Monday, September 17, 2007

Three Saturdays ago I rode my bicycle 100 kilometers. Two Saturdays ago, again, I rode 100 kilometers. This past Saturday, I rode 100 miles, completing the Surry Century! (A "century" is a 100 mile ride.)

A year ago, I was unable to complete the Surry ride. It was one of the signs that there was something seriously wrong with me.

Indeed, these days, I am very conscious of "a year ago."

A year ago, I had been to my primary care doctor, who had ordered a chest x-ray, which had come back showing some sort of masses on my lungs. A year ago tomorrow was my first appointment with a pulmonologist, to find out what was going on. A year ago this weekend, Patty and I drove down to Seabrook Island, South Carolina for what turned out to be my last visit with my father. While I was there, I developed a fever. We got back home on Saturday, but the next morning I was too sick to do church. (Council President James Wiers well remembers getting the phone call from me at 6:30 AM, asking if he would read the sermon I had prepared.) That next week, I went in for a C-T Scan of my lungs (9/25), and then endured a broncoscopy (9/29) that led my pulmonologist to think the problem was sarcoidosis. On October 4 he started me on prednizone to fight the sarcoidosis -- which, within days, made me feel worse. (The problem, of course, would turn out to be histoplasmosis, a fungal infection that grows wildly when fed steroids.) On October 26, I was admitted into the Williamsburg hospital, and on the 27th I was on a ventilator and being transferred to Norfolk General.

I look forward to the next six weeks being lots different from those six weeks a year ago!!

I was conscious of "a year ago" on the Surry Century ride two days ago, rejoicing as I was able to pedal strongly past places in the road where I had had to stop to gasp for breath the previous year. As I've begun convening the fall book study and Affirmation of Baptism classes I've been conscious of "a year ago." Last year I was only able to convene one session of each before I became too sick to continue. (Last night, one "AOB" parent, Mary Williams said, "We're not going to do that again this fall, are we?")

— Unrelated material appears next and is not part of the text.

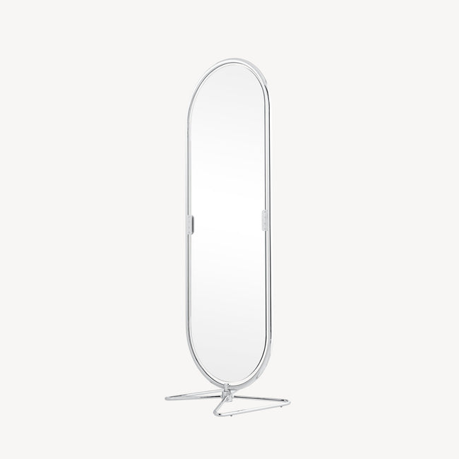 システム 1-2-3 チェアと機能を共有するシステム 1-2-3 ミラーは、ワードローブ、バスルーム、またはスタイリッシュなミラーが必要な場所にエレガントな要素を提供します。楕円形のクロームメッキフレームを採用し、チルト機能付きミラーを備えたデザインです。システム 1-2-3 ミラーは、回転機能付きのバタフライ ベースに設置されています。

Yesterday was a very long day: as usual for a Sunday morning, I woke at 5:00 AM to do final preparations for that day's worship, then, when worship was over and I had talked with the last person who wanted to talk with me (at about 1:00 PM), I wolfed down a peanut butter and jelly sandwich and left the church with my vestments to drive to Pastor Fred Guy's installation service at Trinity Lutheran Church in Newport News (about 40 minutes away). After the service, I grabbed a cup of coffee at the reception (since I had taken my medicine I couldn't eat anything!) and got back in the car to get back to the church in time to eat dinner with the College students. Then was the first "AOB" session, and I got home at about 8:30 PM. This week will be full: Pre-school chapel is beginning, sermon prep, getting ready for this coming Sunday's Affirmation of Baptism session, leading sessions of the evening and afternoon prayer studies, an interview with a candidate for the open Director of Music position, a Stephen Ministers meeting, trying to fit a few visits in, and the routine things that just pop up each week. I'm looking forward to Friday night: my son, Nathan, and I will drive up to DC to see the Phillies play, so I'll get back home sometime in the early hours of Saturday morning.

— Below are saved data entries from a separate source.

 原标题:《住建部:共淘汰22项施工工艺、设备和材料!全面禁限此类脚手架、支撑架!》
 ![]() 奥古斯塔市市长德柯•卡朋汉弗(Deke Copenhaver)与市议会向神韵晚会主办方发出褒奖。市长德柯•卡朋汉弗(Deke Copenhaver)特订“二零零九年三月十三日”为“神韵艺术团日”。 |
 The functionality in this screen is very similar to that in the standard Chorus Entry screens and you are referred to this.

In other words, I've woken up this morning with energy, and I look forward to what's coming up this week! Sure, I'm still taking that awful medicine twice a day. And my infectious disease doctor has no idea how long he'll keep me on it. I've simply learned to live with the feeling of queasiness in my stomach that's a side effect of the medicine. But I've been given bonus time, of restored health. My thankfulness to God is very deep.